When the bug moves to the rod's end, it affects the system's angular velocity due to conservation of angular momentum. The final angular velocity \(\omega_f\) can be found using the relation between tangential speed \(v_t\) of the bug and the radius \(R\) of the rod:

• \[ \omega_f = \frac{v_t}{R} \]

Substituting \(v_t = 0.160 \, \text{m/s}\) and \(R = 0.500\, \text{m}\), we determined that \(\omega_f = 0.320 \, \text{rad/s}\). Understanding angular velocity helps to realize how motion changes, especially when external conditions like mass distribution change as with the movement of the bug.

Rotational Motion

Rotational motion was demonstrated through the rod moving in a circle around the stationary axis at one end. Here, Conservation of Angular Momentum is a key principle which states that in the absence of external torque, the total angular momentum of a system remains constant.
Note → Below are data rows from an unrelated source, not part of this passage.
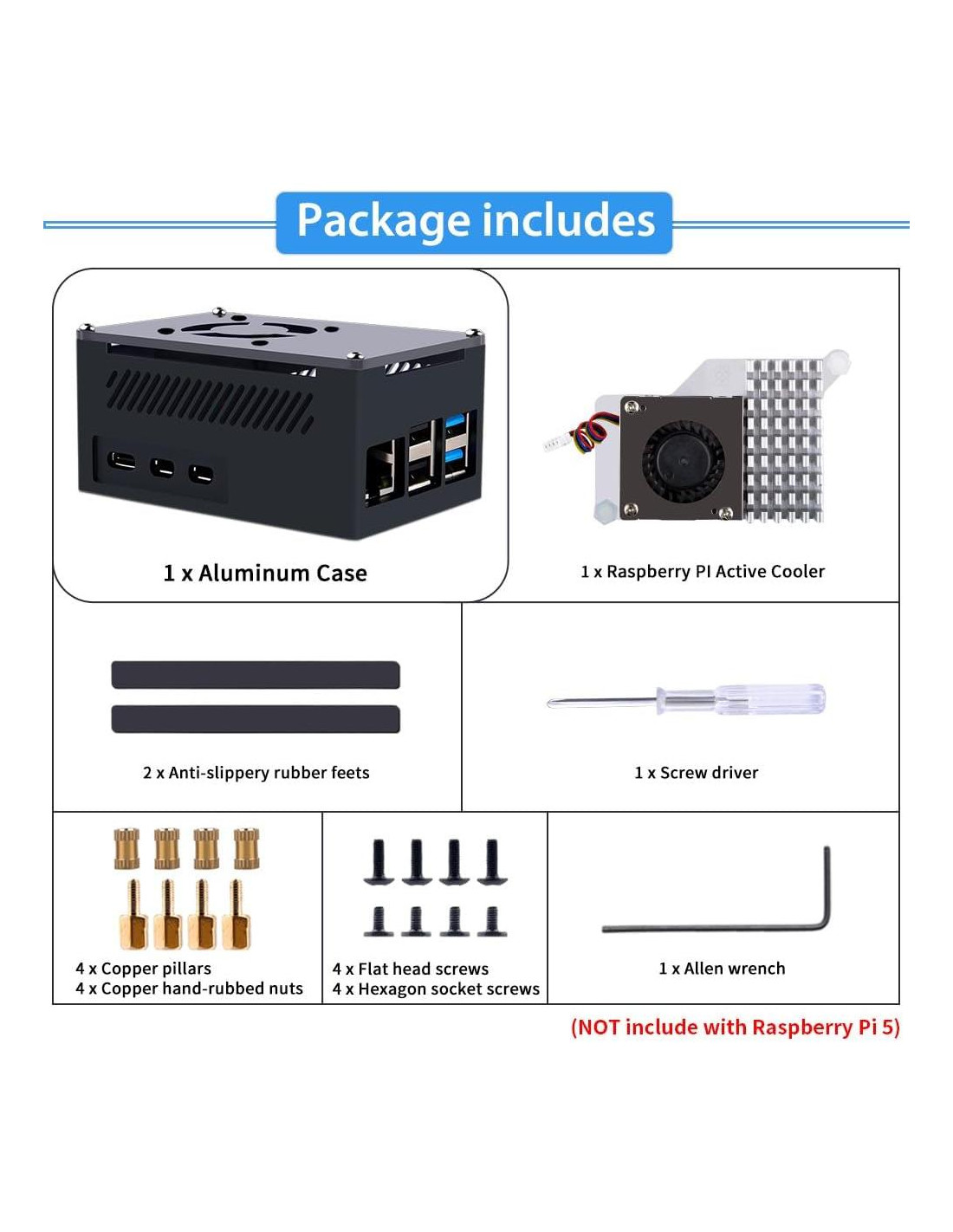 - El Paquete Incluye - 1x Caja de Aluminio para Raspberry Pi 5, 1x Enfriador Activo para Raspberry Pi 5, 1x Destornillador, 1x Paquete de Tornillos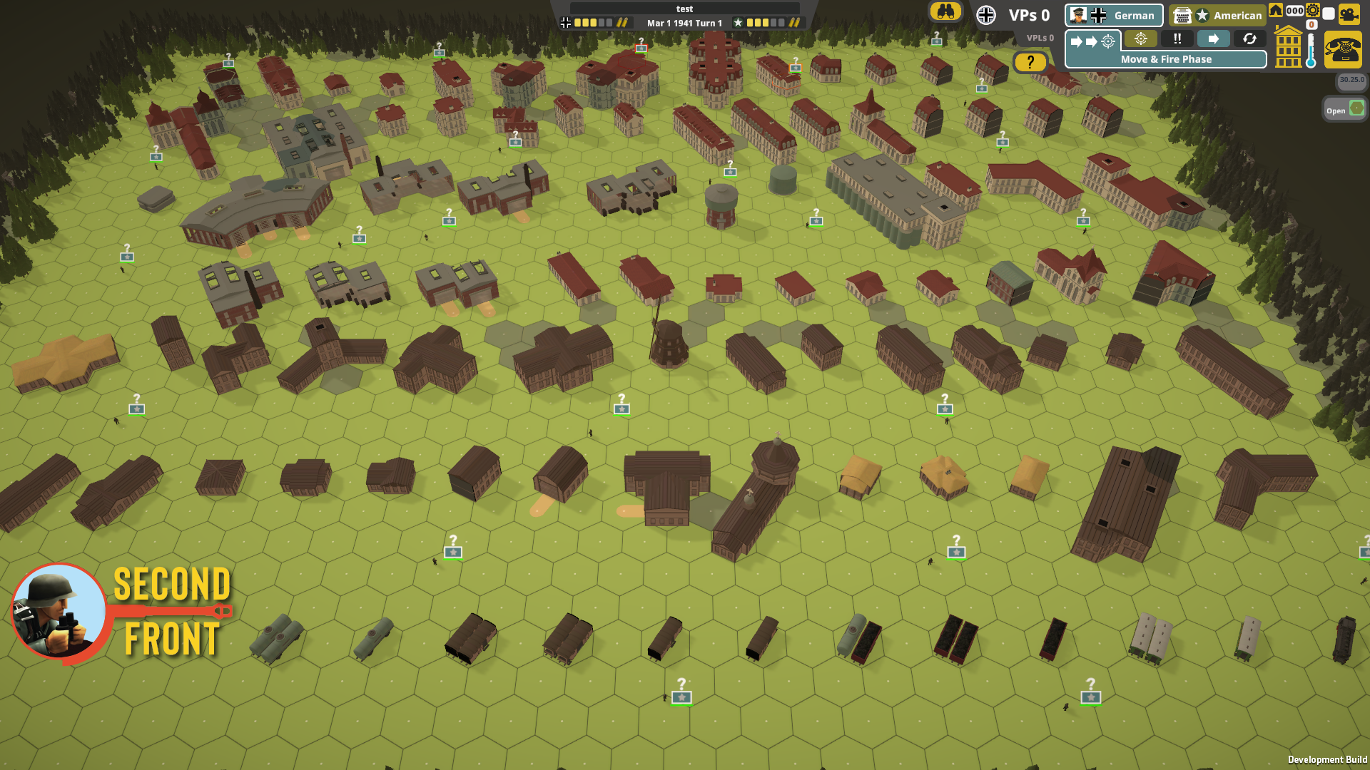 Хотя по последнему могут быть и исключения. К примеру, здесь лес и домики занимают весь гекс, и, соответственно, всем гексом ограничивают линию видимости — даже в настолках объекты могут быть меньше гекса. Тоже касается и передвижения в такой гекс: в SL можно войти в гекс и выбрать ландшафт, к примеру, в гексе со строением строение обойти, не входя в него.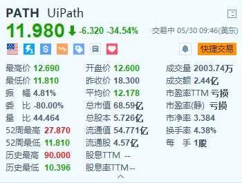 摘要: 企業(yè)自動化軟件公司UiPath(PATH.US)暴跌超34%,最低觸及11.81美元,創(chuàng)2023年1月以來新低。UiPath第一季度營收為3.351億美元,分析師預(yù)期3.332億美元;調(diào)整后每股收益為
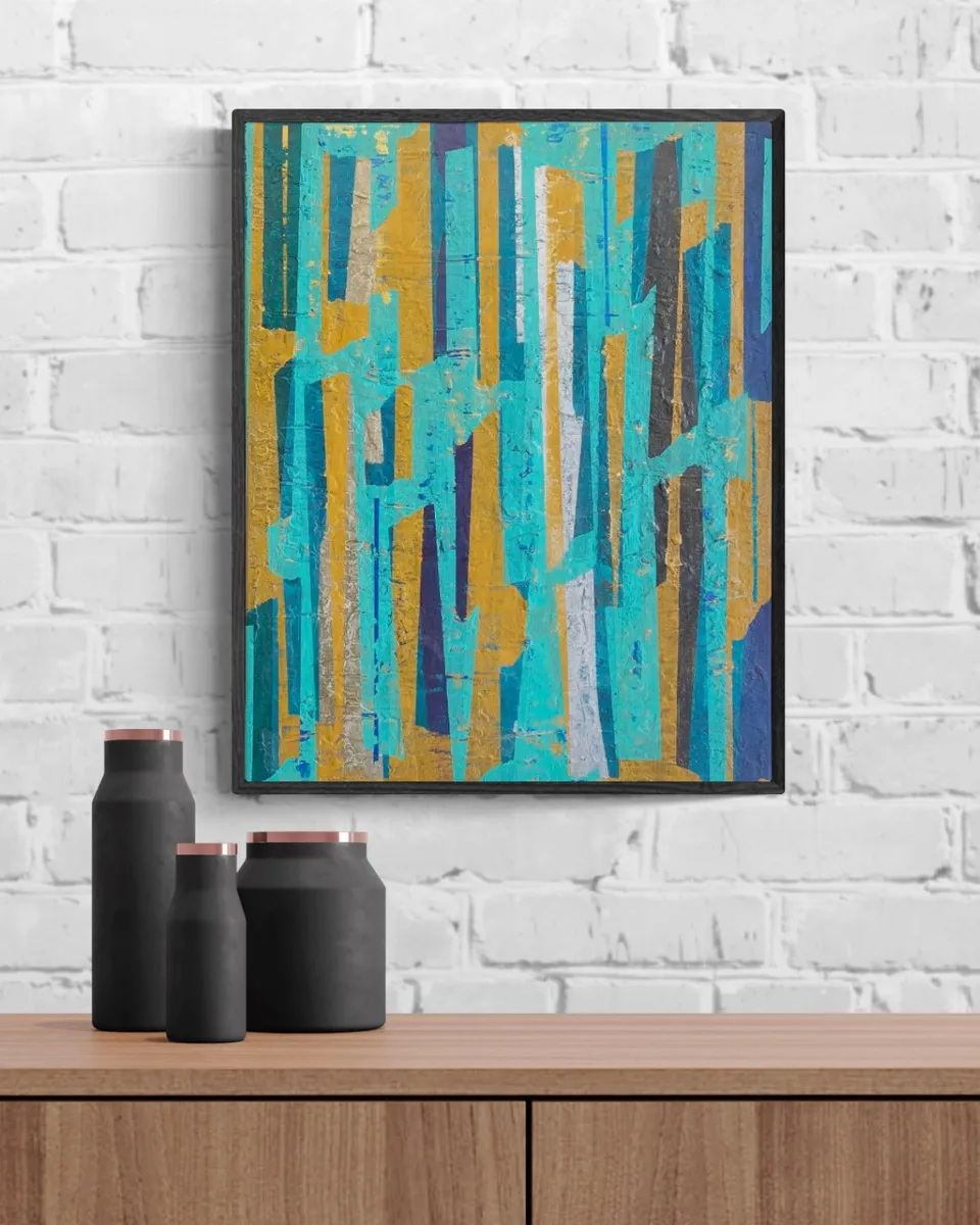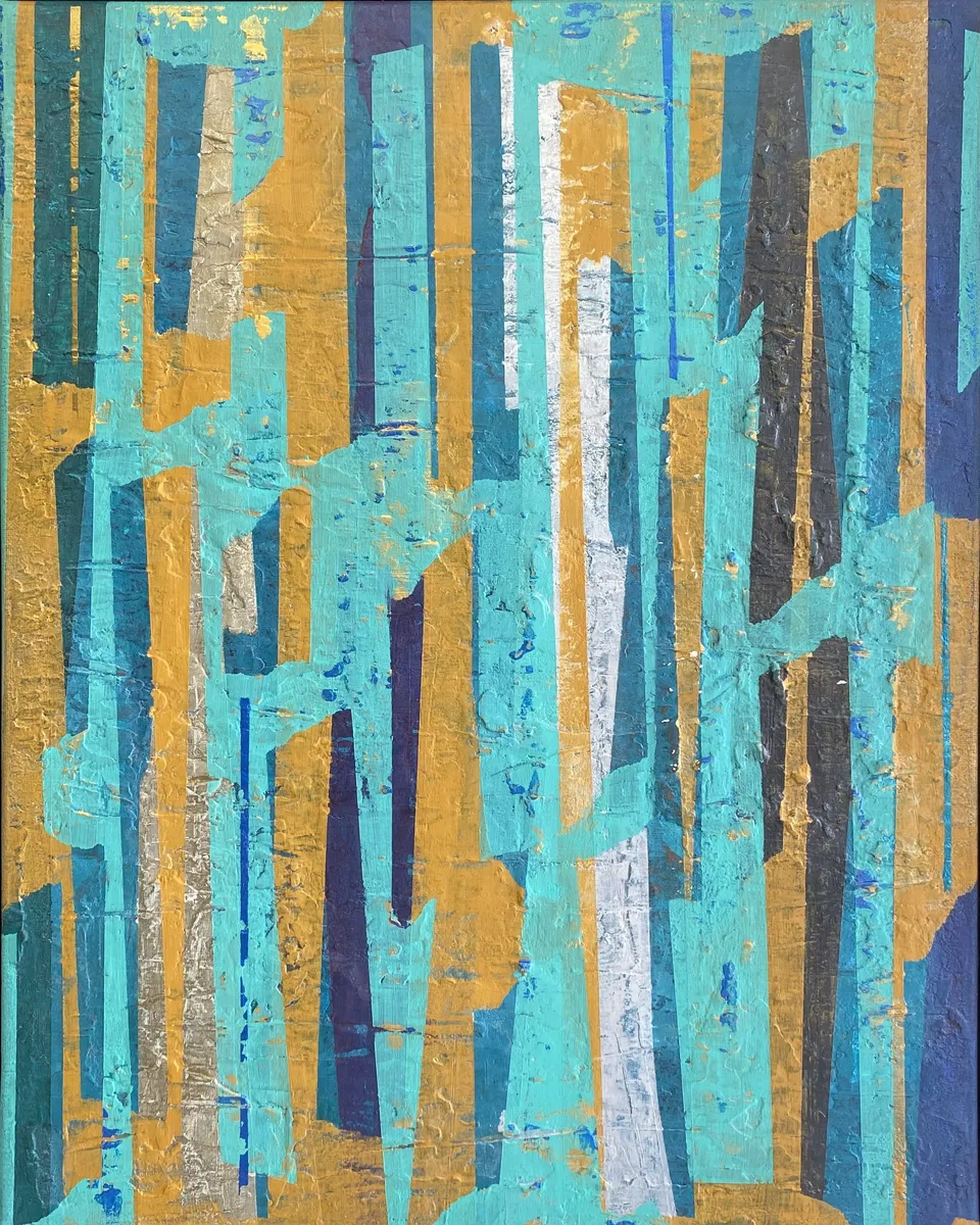 Diptych, 2 of 2. Layered mixed media and acrylics on canvas

This principle is represented by the equation:

• \(L_i = L_f\)

Let's break this down:

• The initial angular momentum \(L_i\) is based only on the rod: \[L_i = I_\text{rod} \cdot \omega_0\]
• The final angular momentum \(L_f\) involves both the rod and the bug: \[L_f = I_f \cdot \omega_f\]

As the bug crawls to the end of the rod, it changes the distribution of mass and thereby the total moment of inertia \(I_f\). This change affects the entire system's angular velocity. By using the formula for angular momentum and solving equations that include these variables, we can understand the intricate dance of rotational motion. This same principle helps solve the mass of the bug and the rod within the context of this rotating system.